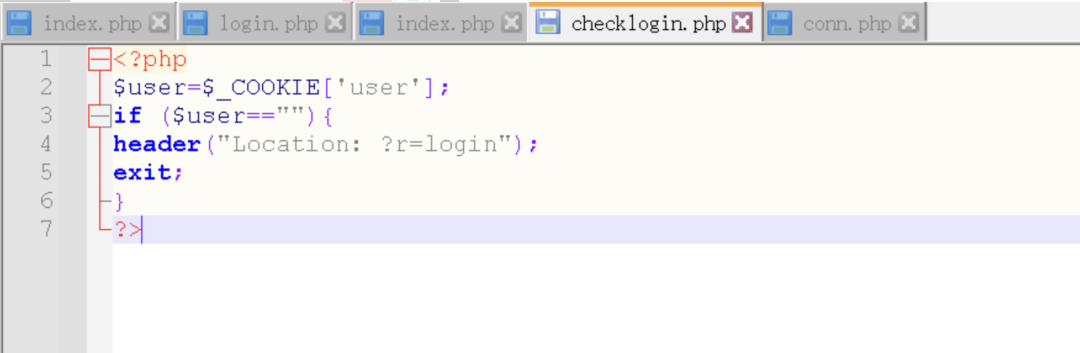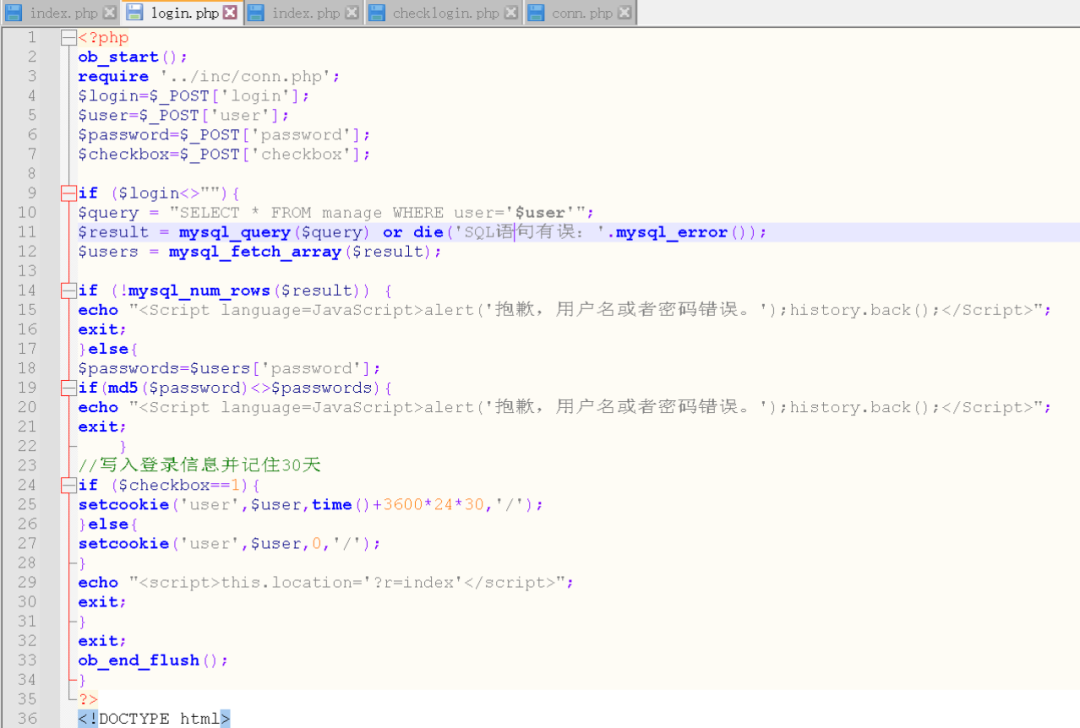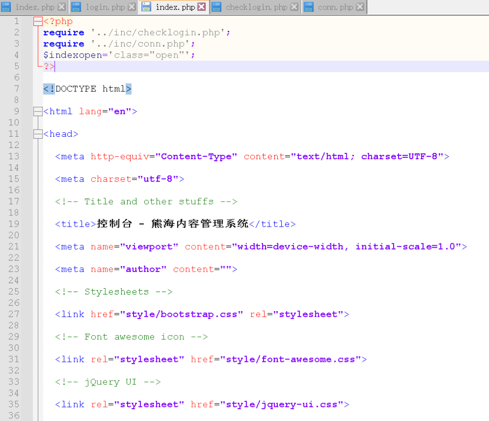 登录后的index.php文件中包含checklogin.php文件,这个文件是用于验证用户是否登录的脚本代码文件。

-- -- --

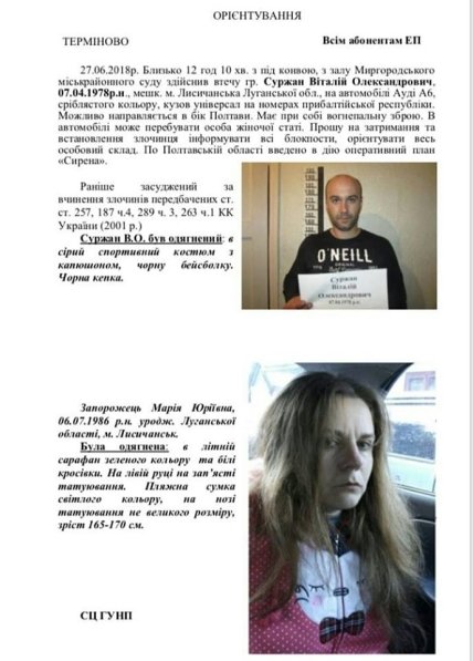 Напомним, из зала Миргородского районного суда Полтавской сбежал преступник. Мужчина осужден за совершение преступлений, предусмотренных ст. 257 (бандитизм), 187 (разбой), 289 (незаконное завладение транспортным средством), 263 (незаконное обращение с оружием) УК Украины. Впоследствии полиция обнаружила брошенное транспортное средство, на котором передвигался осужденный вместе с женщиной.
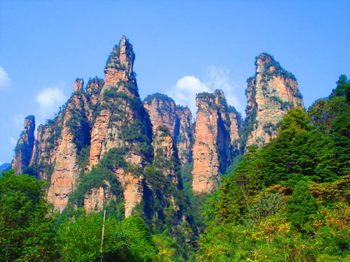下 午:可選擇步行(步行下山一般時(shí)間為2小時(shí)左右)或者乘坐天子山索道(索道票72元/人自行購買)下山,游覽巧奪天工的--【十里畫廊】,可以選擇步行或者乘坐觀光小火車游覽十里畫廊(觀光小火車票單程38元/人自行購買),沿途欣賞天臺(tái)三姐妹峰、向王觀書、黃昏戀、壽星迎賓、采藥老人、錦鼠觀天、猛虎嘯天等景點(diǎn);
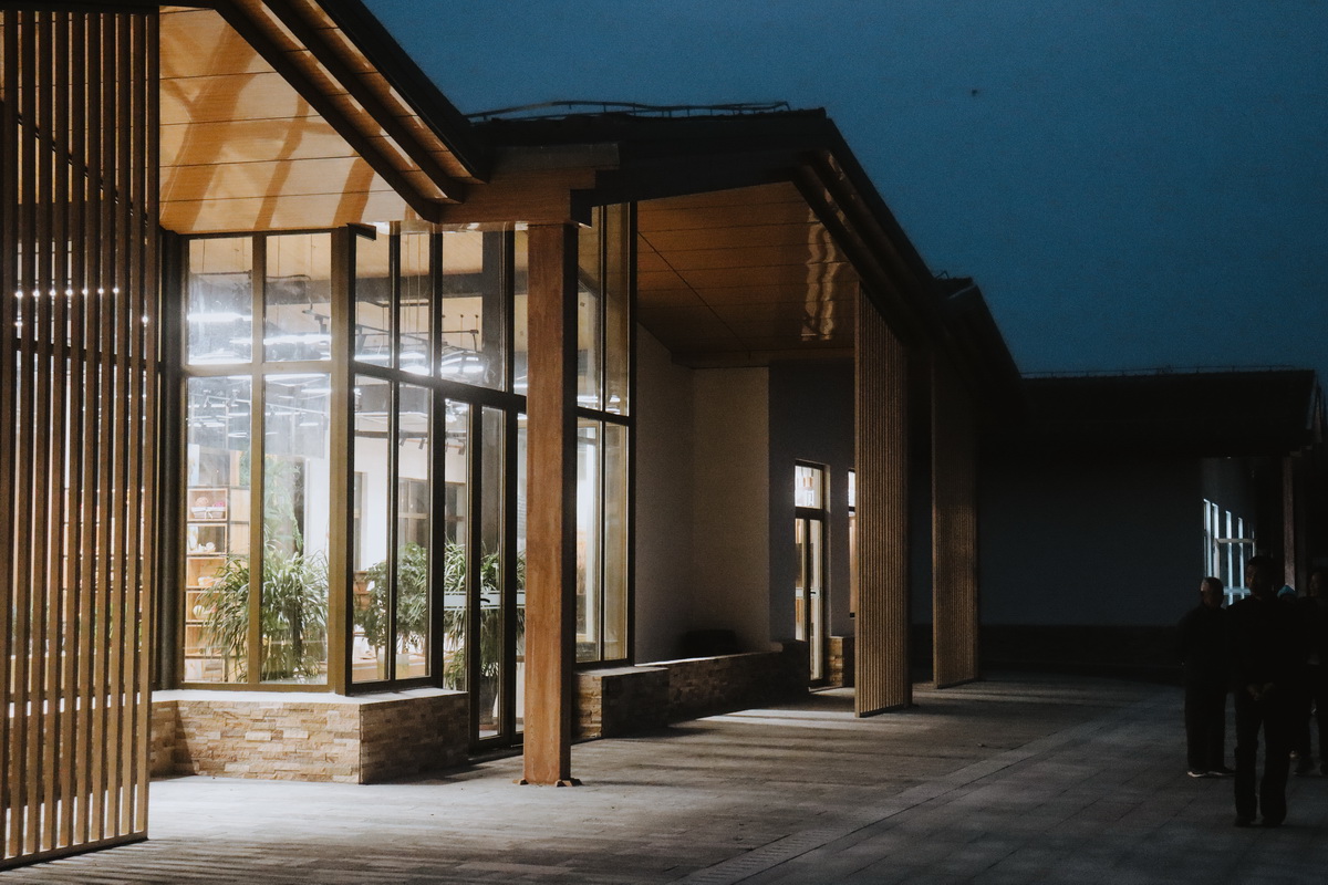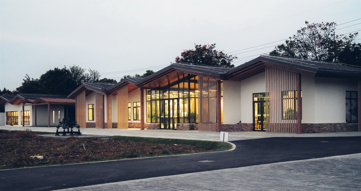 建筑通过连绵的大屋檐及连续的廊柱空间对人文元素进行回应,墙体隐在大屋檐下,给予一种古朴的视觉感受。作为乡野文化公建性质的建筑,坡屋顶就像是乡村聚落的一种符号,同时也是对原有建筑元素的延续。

-- -- --

- _Task to complete_:
Every line from the one with "下 午:可選擇步行(步行下山" through the one with "建筑通过连绵的大屋檐及连续的" is to be reproduced exactly as written above, and the pictures are to be dropped.

- _Task solution_:
下 午:可選擇步行(步行下山一般時(shí)間為2小時(shí)左右)或者乘坐天子山索道(索道票72元/人自行購買)下山,游覽巧奪天工的--【十里畫廊】,可以選擇步行或者乘坐觀光小火車游覽十里畫廊(觀光小火車票單程38元/人自行購買),沿途欣賞天臺(tái)三姐妹峰、向王觀書、黃昏戀、壽星迎賓、采藥老人、錦鼠觀天、猛虎嘯天等景點(diǎn);
 建筑通过连绵的大屋檐及连续的廊柱空间对人文元素进行回应,墙体隐在大屋檐下,给予一种古朴的视觉感受。作为乡野文化公建性质的建筑,坡屋顶就像是乡村聚落的一种符号,同时也是对原有建筑元素的延续。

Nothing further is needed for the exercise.